Our firm is responding by being duly qualified to handle any case under any new international agreement.
Krystyna Szczepanowska-Kozlowska: The base legal act – the Law on Industrial Property – was passed by the Polish parliament on 30 June 2000 and entered into force on 22 August 2001. The Law on Industrial Property introduced many alterations to the hitherto effective regulations of the Law on Innovations dated 19 October 1972 (which has been amended several times). Those alterations were made in order to adapt Polish regulations to European law. The above-mentioned Law on Industrial Property regulates the innovation activities and lays down the functions and organisation of the Patent Office.
Poland did not sign up to the unitary patent system. It seems that in the long-term it would be detrimental for Poland to exclude itself from possible changes. Certainly, the failure to adopt the unitary patent will limit access to new technologies and will slow down the development of innovation in Poland, or will result in innovative Polish businesses leaving for countries that are part of the unitary patent system. Also, remaining outside the system may result in innovative international enterprises locating their production plants in other countries that do join the unitary patent system. Certainly, Poland’s staying outside the system will deprive it of any influence on the final structure of the system and may have a potentially negative effect on Poland’s image in the international arena.
Maria Cecilia Romoleroux: Patent law is quite steady in Ecuador since we have a supranational Andean Decision (No. 486) that governs patents.
We are facing changes in the practice due to a rise in official fees, which has had an impact on the number of local filings.
Who’s Who Legal: What impact has the global economic downturn had on the legal market in your jurisdiction? In an increasingly competitive practice area, how can firms stand out?
Ella Cheong: In addition to promptness and high quality of service, we understand the businesses of our clients in today’s globally and instantly connected world, and provide strategic advice that is not only legally sound but also business savvy. We are able to save clients’ costs in IP procurements and enforcements because we can provide comprehensive approaches in handling IP issues on a regional basis for clients from abroad, and internationally for the domestic market.
Fernando Triana: Fortunately, the global economic downturn has not hit the Colombian legal market particularly hard.
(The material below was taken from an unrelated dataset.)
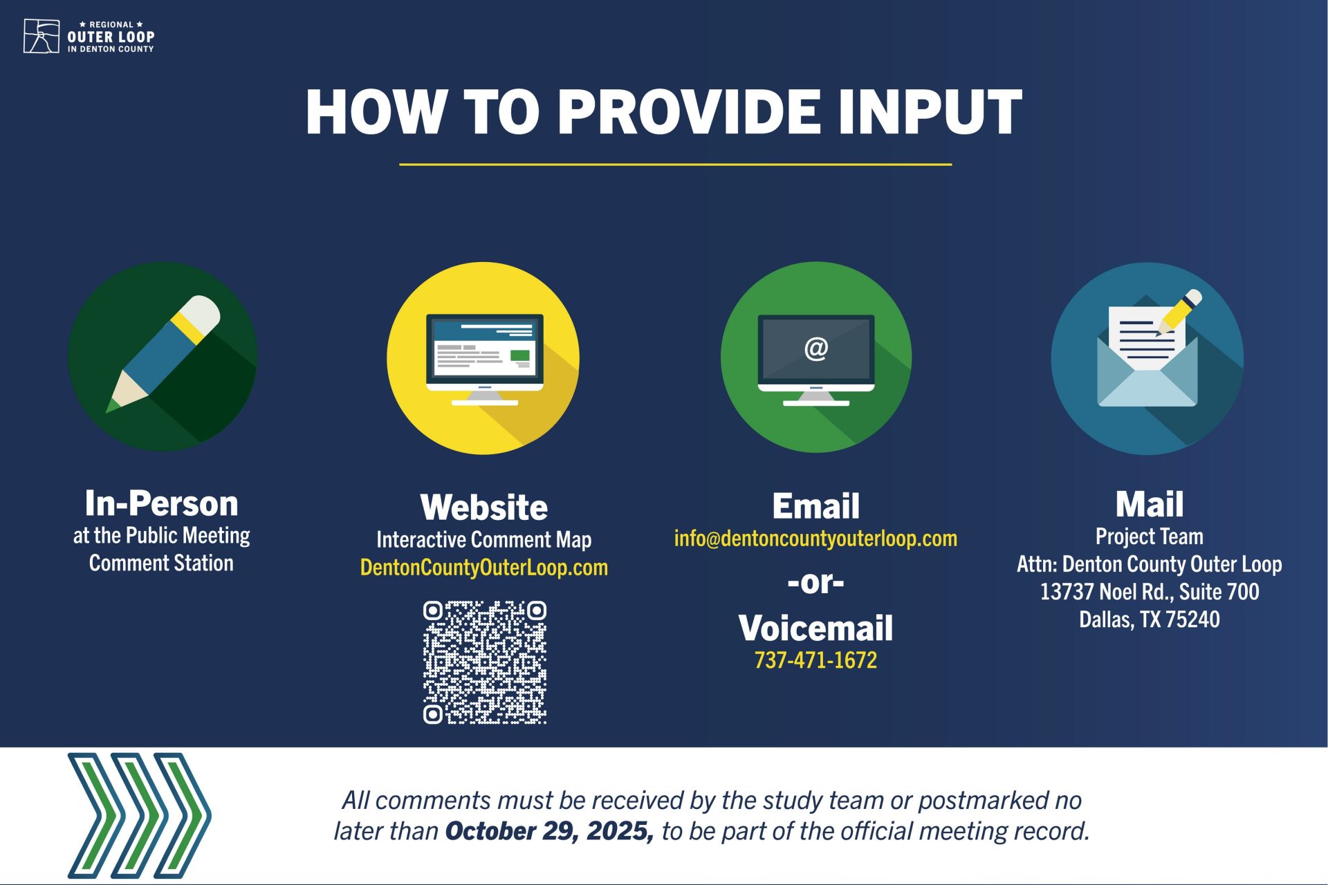 A public hearing is scheduled for spring 2026 and the Denton County Outer Loop team is interested in all residents’ opinions and ideas.

However, in order to maintain and obtain clients, the best legal strategy is to offer quality services and having a close relationship with clients.
Quality services include, but are not limited to, prompt responses to their enquiries, efficient solutions, involvement of the client in the proceedings strategies and permanent counselling. This has brought us not only clients but also international recognition.
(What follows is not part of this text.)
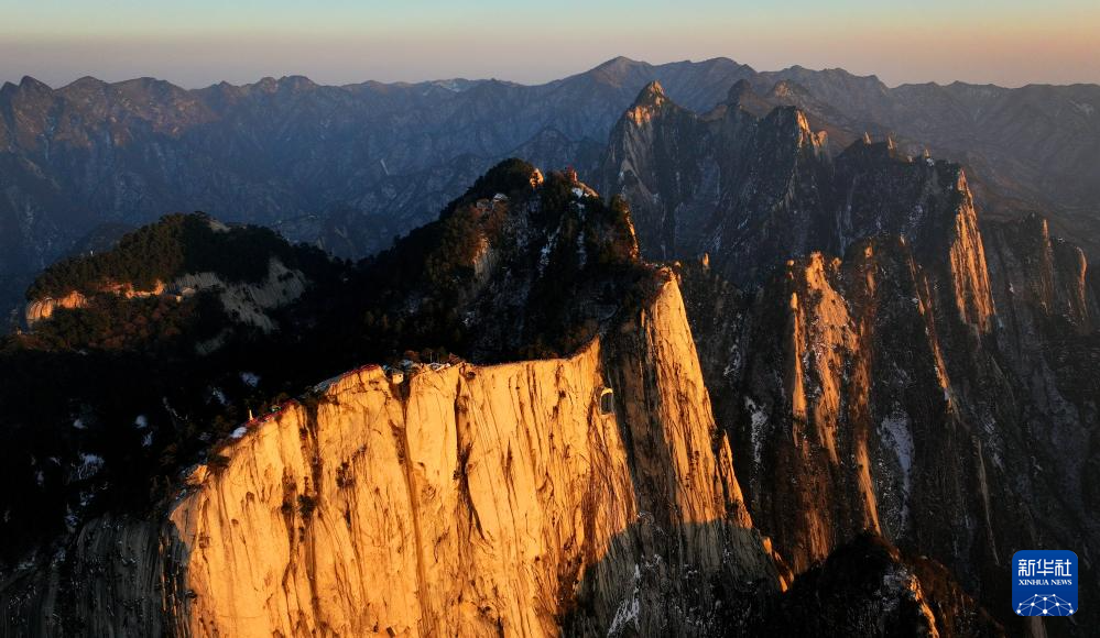 日落时分的华山群峰(2月12日摄,无人机照片)。

Krystyna Szczepanowska-Kozlowska: It is fair to say that the global economic downturn has not hit the Polish legal market hard. In today’s competitive marketplace, client choice is about more than legal expertise. This is why we provide practical advice on the highest level of expertise.
Maria Cecilia Romoleroux: The Ecuadorean economy is doing well; however due to the global economic downturn and taking into consideration the small size of the market, when companies cut down costs generally the national legal market is affected. Certain companies may reduce their filings in Ecuador.